Ultimately, you could keep farming and traveling around in Spiritfarer forever, but eventually, you're given the option to end your game and complete Stella's final journey. This prompt hits you sharp in the chest--you know it's coming from the beginning, but you think, I thought I had more time, more things to accomplish. The game gives you as much time as you need to wrap up any loose ends and make your choice to go to the Everdoor, but eventually, as I looked around at my fully expanded boat and my single remaining passenger, who lingered behind to keep me company, I realized I was ready to move on. Sure, I hadn't 100% cleared the game and collected every item and recipe, but I reached a point where I was satisfied and at peace with everything I'd done. I could accept Stella's fate. I took her where she needed to be. I sobbed for a full 15 minutes afterward, and since, I haven't been able to stop thinking about this game.
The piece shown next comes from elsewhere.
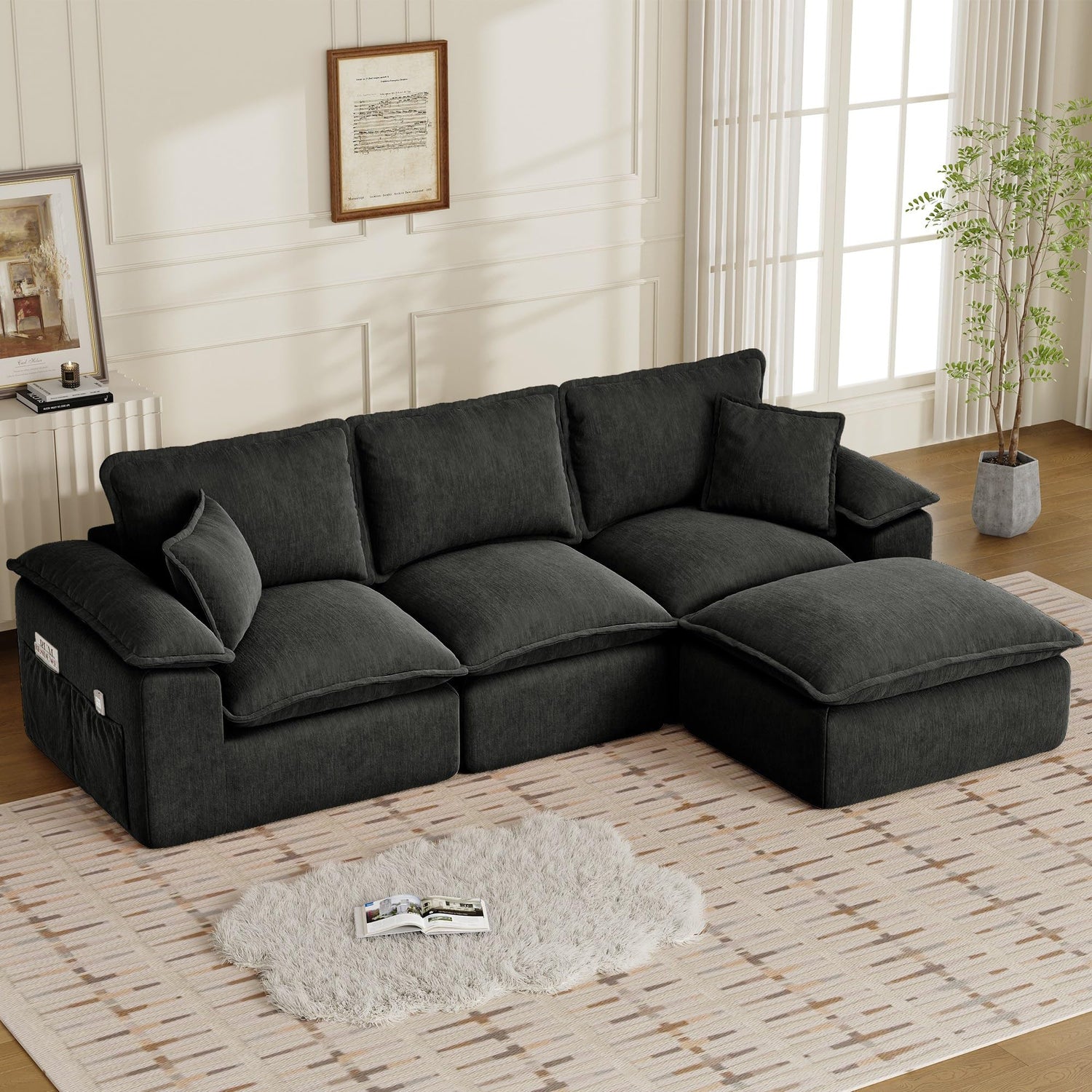 - Comfort Design: L-shaped sectional couch, featuring thick sponge cushions (7" thick), plush armrests, and a legless design. The legless, low-profile design combined with wide, deep seats provides that perfect 'sinking in' feeling while maintaining ergonomic support. Our cloud couch simulates a truly cloud-like experience with its high-resilience sponge filling. Whether you're binge-watching shows or hosting friends, this is everyday luxury at its most practical.

Spiritfarer feels like an essential game for anyone who has ever experienced a painful loss or who has stayed up at night worrying about death. It's also a fitting game for 2020, a year wrought by so much pain and isolation. For a game about death, Spiritfarer is filled with joy, whether you are gliding across an island, whipping up one of your passenger's favorite meals, or fishing off the side of your boat at night under the gentle glow of the moon. Its world feels like home; its characters become not only passengers, but beloved friends and family. And just as much as you help each character fulfill their needs, they help you in return, giving you the strength to keep living and accept your time when it comes. Spiritfarer is a truly special game from beginning to end, and its message of compassion, acceptance, and courage is one we could all benefit from hearing, now more than ever.